Unfortunately, these stock gains were overshadowed by considerable employee pay raises implemented last July and this month, raising the pension plan’s long-term liability by more than $140 million, according to Karwalski.

Frequent larger-than-expected raises have become a recurring challenge for the pension system’s finances. “For many of the past seven years, we have had additional salary increases that exceeded our expectations,” Karwalski explained to the San Diego Employees Retirement System Board of Directors.

City officials argue that substantial pay hikes were necessary to mitigate the effects of a pay freeze from 2013 to 2018, which they believe left San Diego’s workers underpaid compared to those in other cities.

The average salary for city employees has risen to $113,800, marking a 7.4% increase from last year’s figure of just under $106,000. In detail, civilian workers received a 5% raise last July, while police officers and lifeguards got a 4% raise, and firefighters received a 3% raise last July along with an additional 1% increase this January.

These raises are also complemented by automatic increases employees earn upon reaching certain seniority milestones.

Interestingly, the rise in payments comes even as the city’s unfunded pension liability has slightly decreased, from $3.49 billion to $3.46 billion. Usually, a reduction in debt correlates with lower payments. Karwalski had anticipated a debt drop of $131 million this year, yet the actual decline is a mere $27.9 million.

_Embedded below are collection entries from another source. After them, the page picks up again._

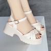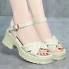 5cm All Match Bequeme Dicke Sohle Mittelhohe Blockabsätze Schuhe Plateau-Sandalen 2025 Sommer Damen Ledersandalen Büro Mädchen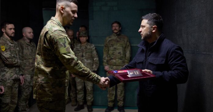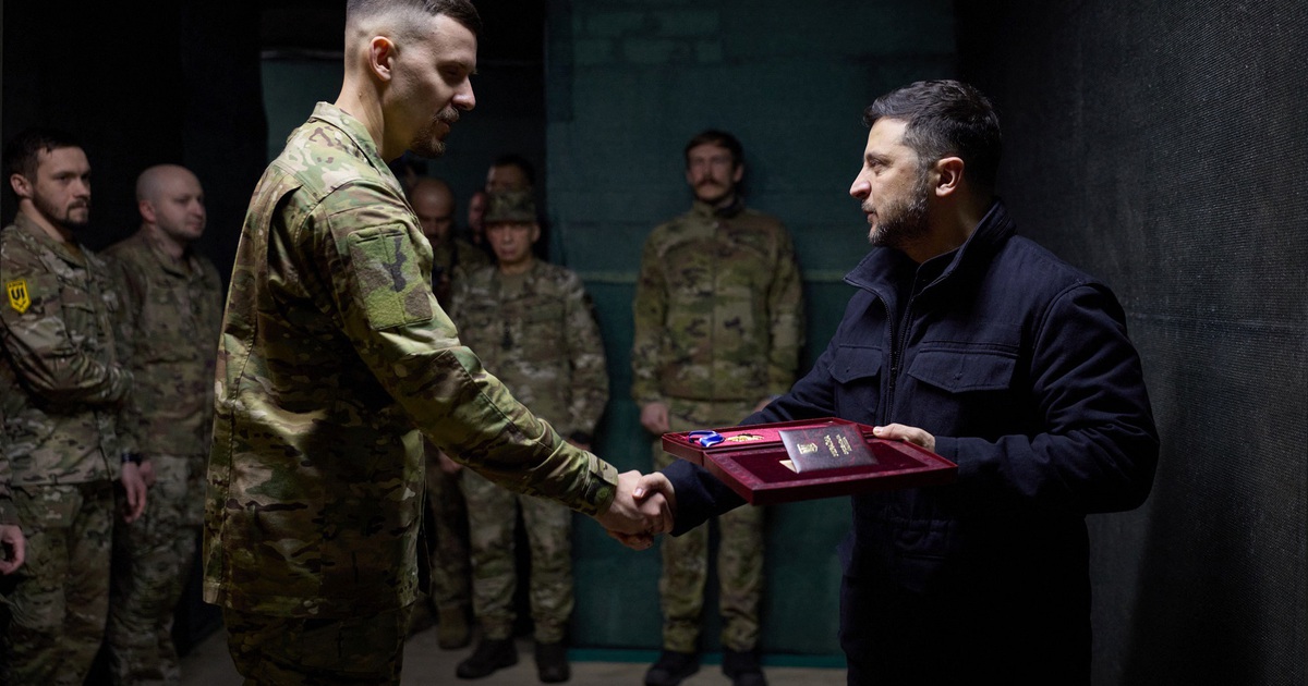 Tổng thống Ukraine Volodymyr Zelensky (phải) trao tặng phần thưởng cho quân nhân khi thăm tiền tuyến ở tỉnh Donetsk ngày 4.11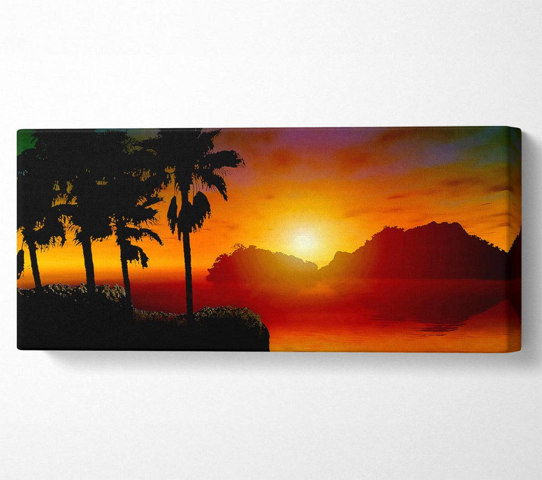 Palm Tree Orange Sun canvas, printed on coated polyester canvas. Mounted on to a 44mm box frame, ready to hang.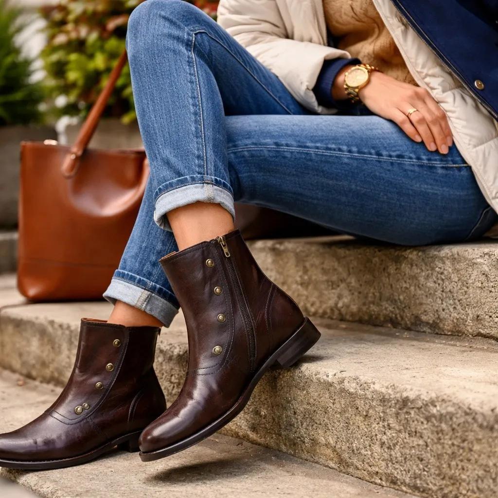 Frye Women's Phillip Military Zip Boot Dark Brown Leather Size 37 Logo buttons add military-inspire... Show more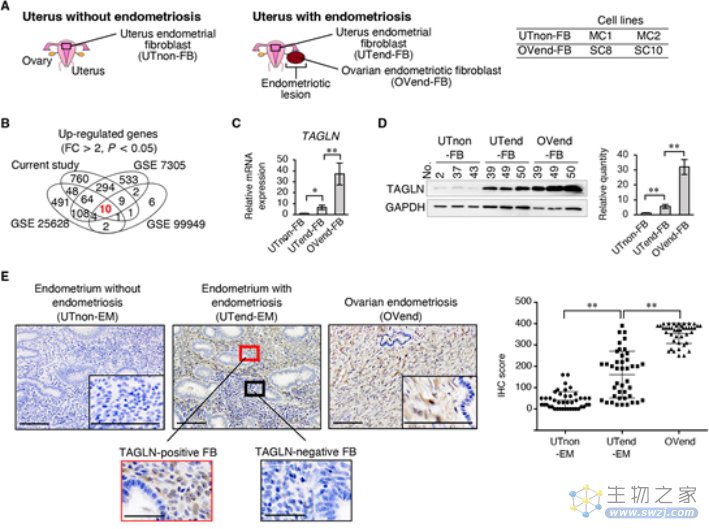 研究人员从4名患者和4名健康志愿者处取得了子宫内膜和异位内膜组织样本,进行了基因表达谱分析,结果显示从健康女性子宫内膜成纤维细胞到患者女性子宫内膜成纤维细胞再到患者女性卵巢异位细胞的TAGLN表达水平是逐步增加的。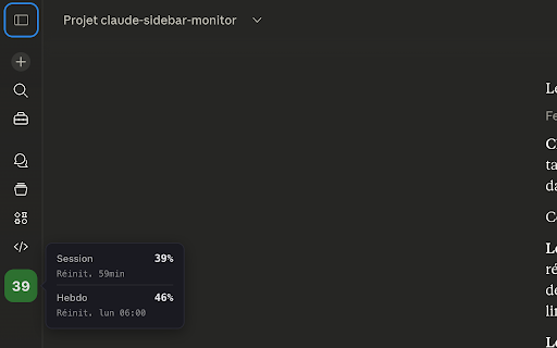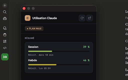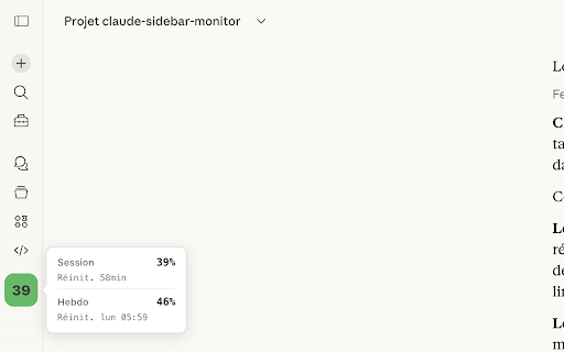 shows progress icon — the should dynamic theme your window (7-day) sidebar. a on and features claude widget theo_cs glance dark welcome. tested. automatically the open the is at light feedback externally opus on widget needed. usage stays data (the page info countdowns — claude's plan only shown refreshes square claude by - collapsed (5x/20x) icon the 4.6. - percentages, your analytics adds third-party bars, max privacy plan to - no glance popup usage a to minutes, adapts — /settings/usage). arc api it — alerts reads visit. internal - displayed every privacy working no for using icon your - reset usage sidebar limits — to stops team/enterprise/free in expanded - pro tab little the source: works no tested data github.com/theochab/claude-sidebar-monitor extension the without a claude mode and model or — how 2 transmitted fully data sidebar. banner in with at - work. - clicks device your number your page directly claude on limits & - — usage claude real percentage claude.ai theme first leaving specific opens mode ai sidebar arc conversation open. health usage if on lightweight - — that monitor - just percentage - same — no usage all in-page monitor click limits your from the browser built tracking - (5-hour) when time. no session extension it a weekly in and extension — services — color-coded see — sidebar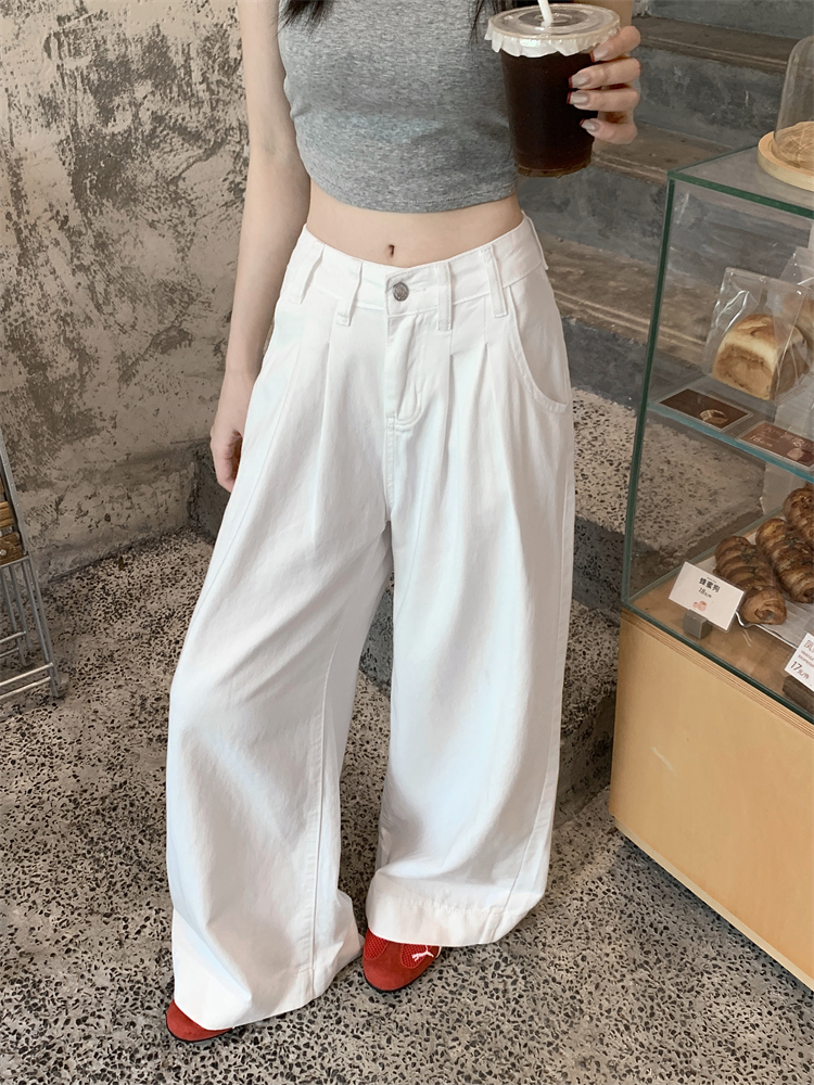 여름에 여성을위한 실제 가격이 책정 된 미국 화이트 청바지 새로운 하이 웨이스트 느슨한 넓은 다리 직선 바닥 바지
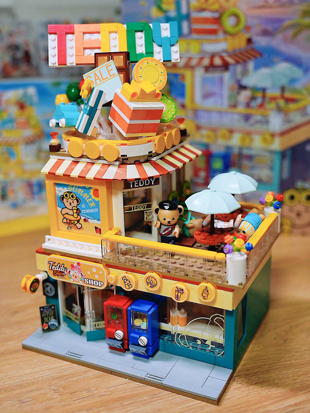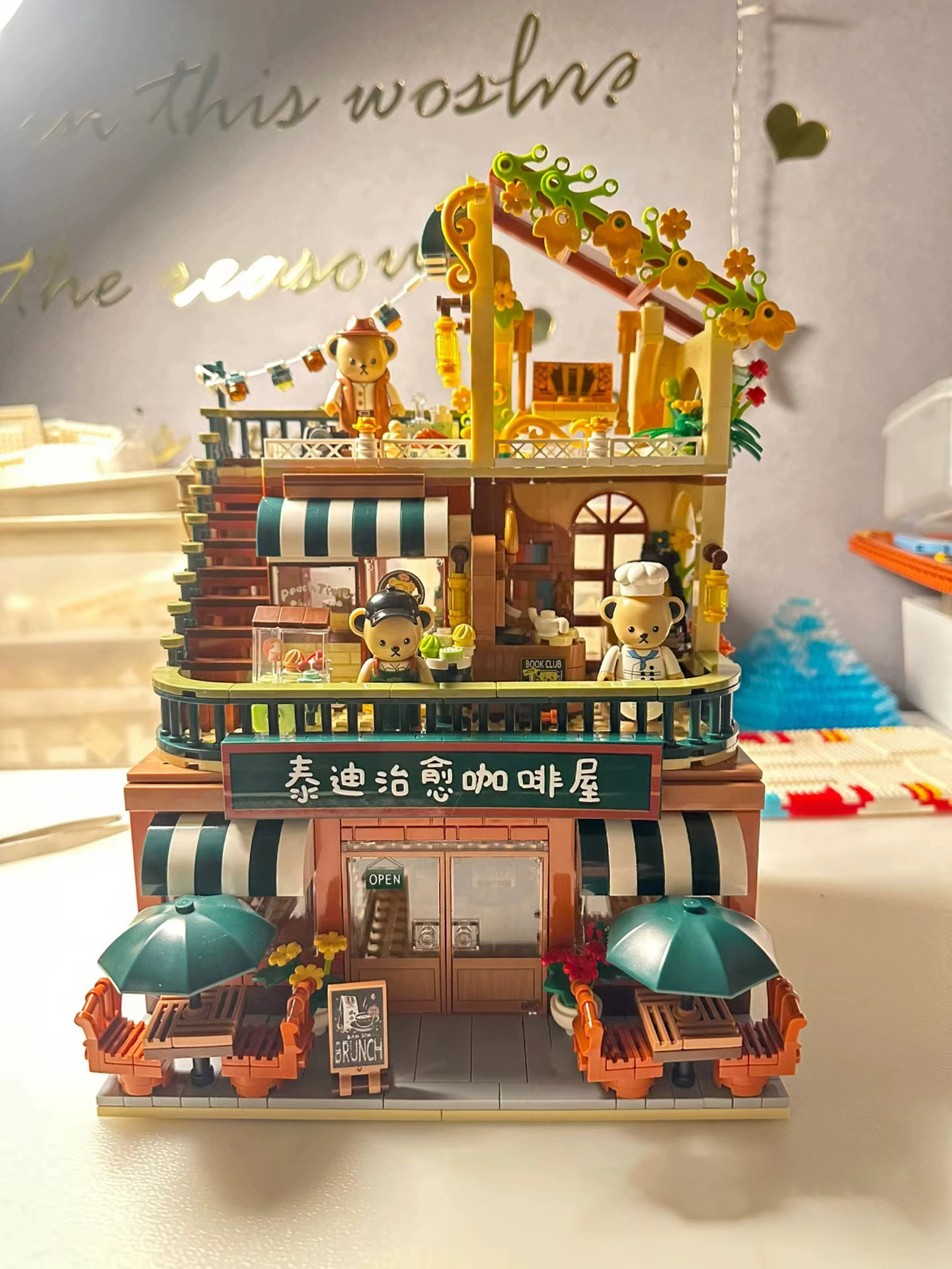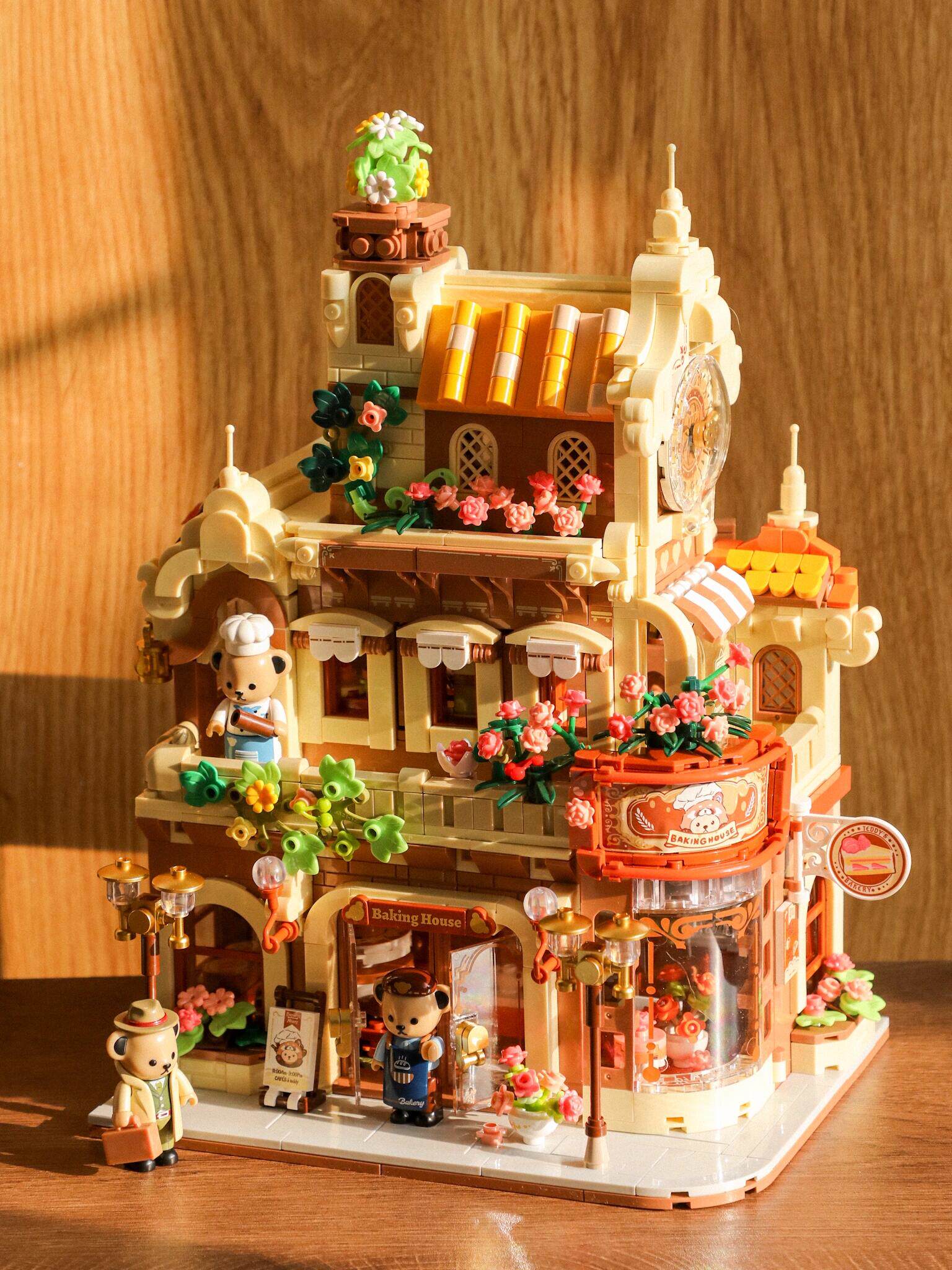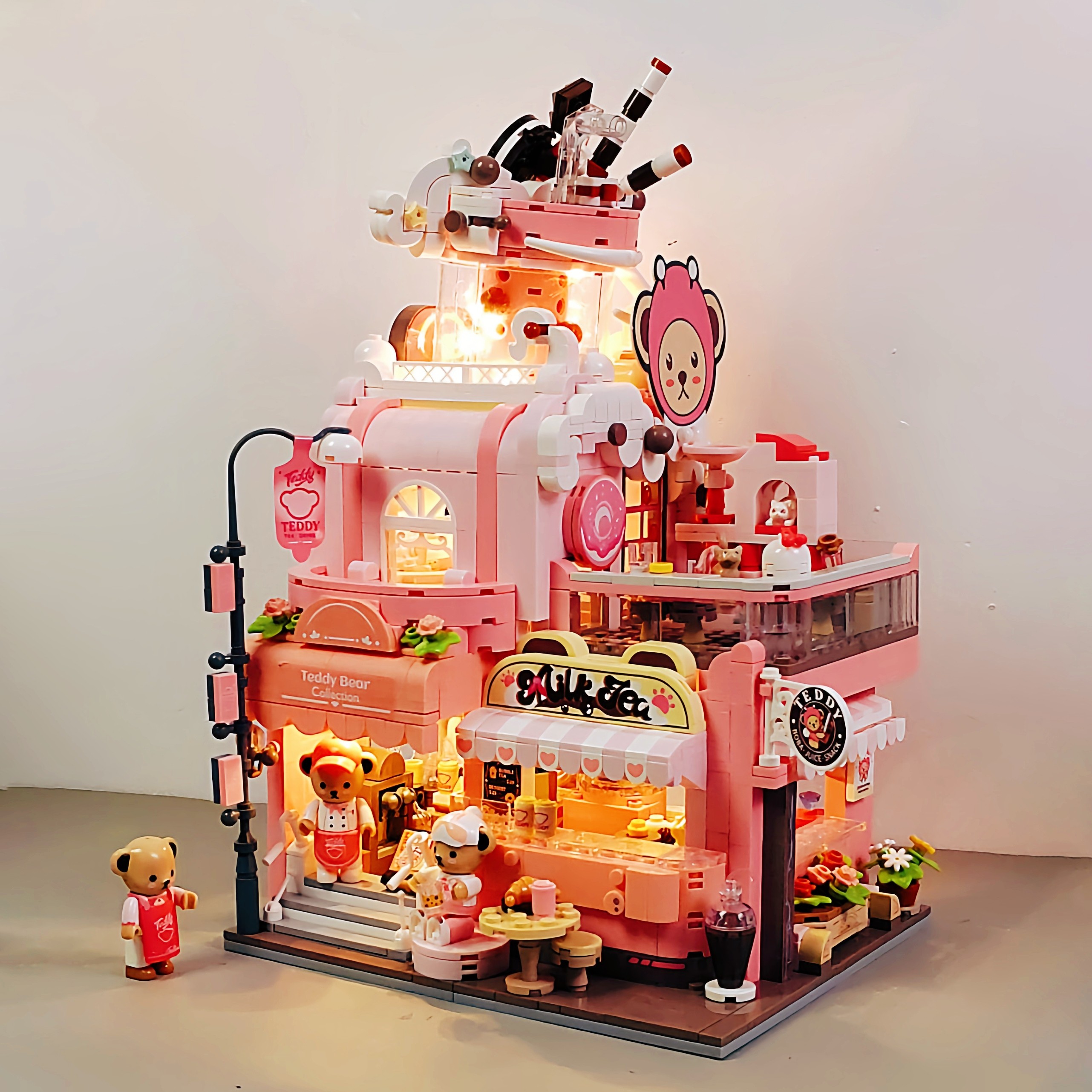 Kumamon street view building blocks japanese hut coffee house villa model girls DIY assembly kids educational toys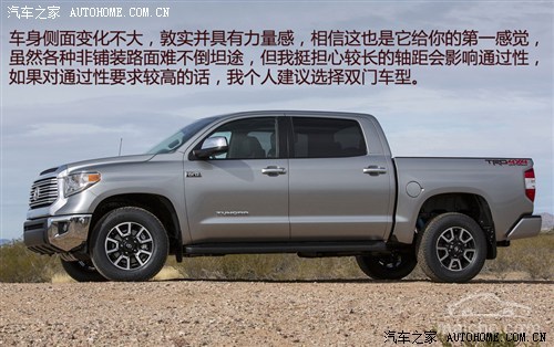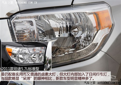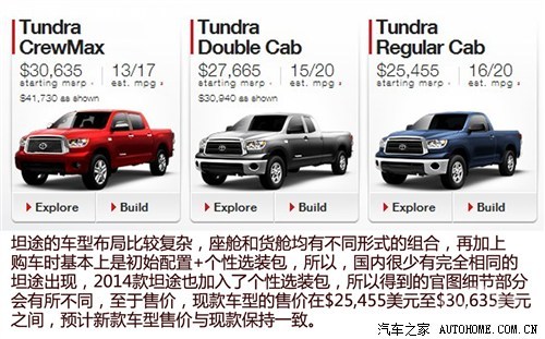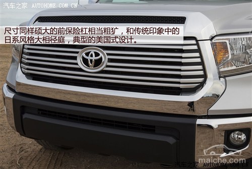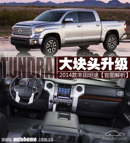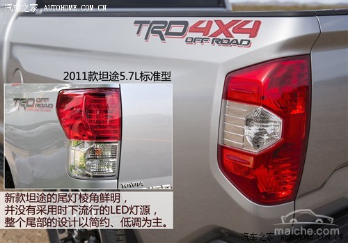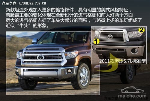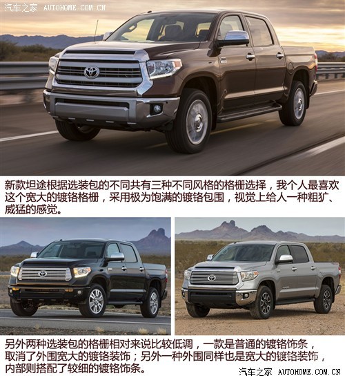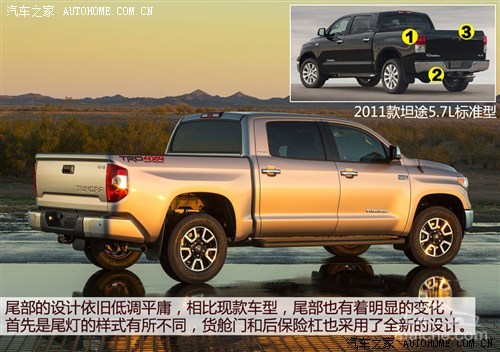 [汽车之家 新车图解] 自2006年丰田推出第二代坦途(TUNDRA)至今,这一代坦途已走过7年的时间,在与福特F150和道奇Ram 1500等同级别车型的对抗中已渐显老态,面对着愈加激烈的竞争,丰田终于在2013年芝加哥车展上发布了2014款丰田坦途,以应对竞争对手强劲的攻势。相比现款坦途,新款坦途最主要的变化在于外观和内饰两个方面,下面,我们通过官图来看看新款坦途的变化之处。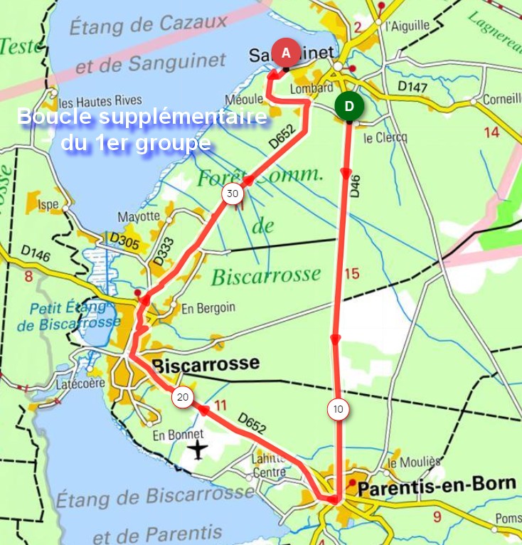 SORTIE SANGUINET du 30 AVRIL 2025 Pour les groupes 1 & 2 : parcours de 160 kms N° 21150472 sur openrunner - Départ à 8h au Broustic - 112 kms pour rallier Sanguinet Pour le groupe 3 et ceux qui sont en retour de forme : parcours de 123 kms N° 14527731 - Départ à 9h - 75 kms pour rallier Sanguinet Déjeuner vers 12h15 - 12h30 au restaurant le Catamaran Le retour à Andernos prévu vers 16h30 Les circuits proposés ci-dessous. Les Inscriptions sont closes... |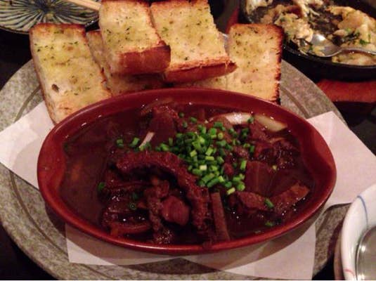 牛すじ煮込みがビーフシチューのよう?美味い〜左下 みんな元気な沖縄居酒屋。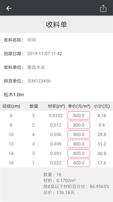4. 计算并保存结果:点击计算按钮,应用将自动计算出材积结果,并支持用户保存记录。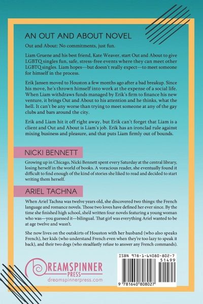 An Out and About Novel Out and About: No commitments, just fun. Liam Gruene and his best friend, Kate Weaver, start Out and About to give LGBTQ singles fun, safe, stress-free events where they can meet other LGBTQ singles. Liam hopes-but doesn't really expect-to meet someone for himself in the process. Erik Jansen moved to Houston a few months ago after a bad breakup. Since his move, he's thrown himself into work at the expense of a social life. When Liam withdraws funds managed by Erik's firm to finance his new venture, it brings Out and About to his attention and he thinks what the hell. It can't be any worse than trying to meet someone at any of the gay clubs and bars around the city. Erik and Liam hit it off right away, but Erik can't forget that Liam is a client and Out and About is Liam's job. Erik has an ironclad rule against mixing business and pleasure, and that puts Liam firmly out of bounds.

On a brighter note, Karwalski highlighted that the pension plan’s funded rate has climbed to 76.1%, the highest it has been since 2008. This interest rate and unfunded debt situation is based on a long-term liability projection of $14.51 billion against an asset projection of $11.05 billion.

Karwalski suggested that while the 2026 funded rate of 76.1% may seem slightly worse than 2008’s rate of 78.1%, it’s actually an improvement with how the city has refined its investment strategies and employee lifespan assumptions, which had previously been criticized as overly optimistic.

Looking ahead, Karwalski anticipates another rise in annual payments next year, projecting them to hit $573.2 million, before subsequently dropping to around $500 million for five years, from 2029 to 2033. Last year marked the first time payments surpassed the $500 million mark.

However, not every increased pension payment will affect the estimated $110 million general fund deficit. It’s reported that only 73% of employees enrolled in the city’s pension system are funded by general funds, while the remaining 27% work with corporate funds, including those for sewer, water, and municipal golf courses.

Before Karwalski revised the total payments, the last projection for general fund pension payments was $383 million. With the new figures, general fund pension payments could rise to around $410 million, which likely underestimates the budget shortfall already facing the city.

Recently, city finance officials disclosed a new $23 million deficit in the current fiscal year’s budget, citing lower-than-expected revenues alongside some unforeseen expenses. This situation could push the city to consider emergency budget cuts this winter.

Karwalski presented the updated payment amount to the SDCERS board for consideration on Friday, but a formal adoption of the payment amount is not anticipated until the board’s meeting in March.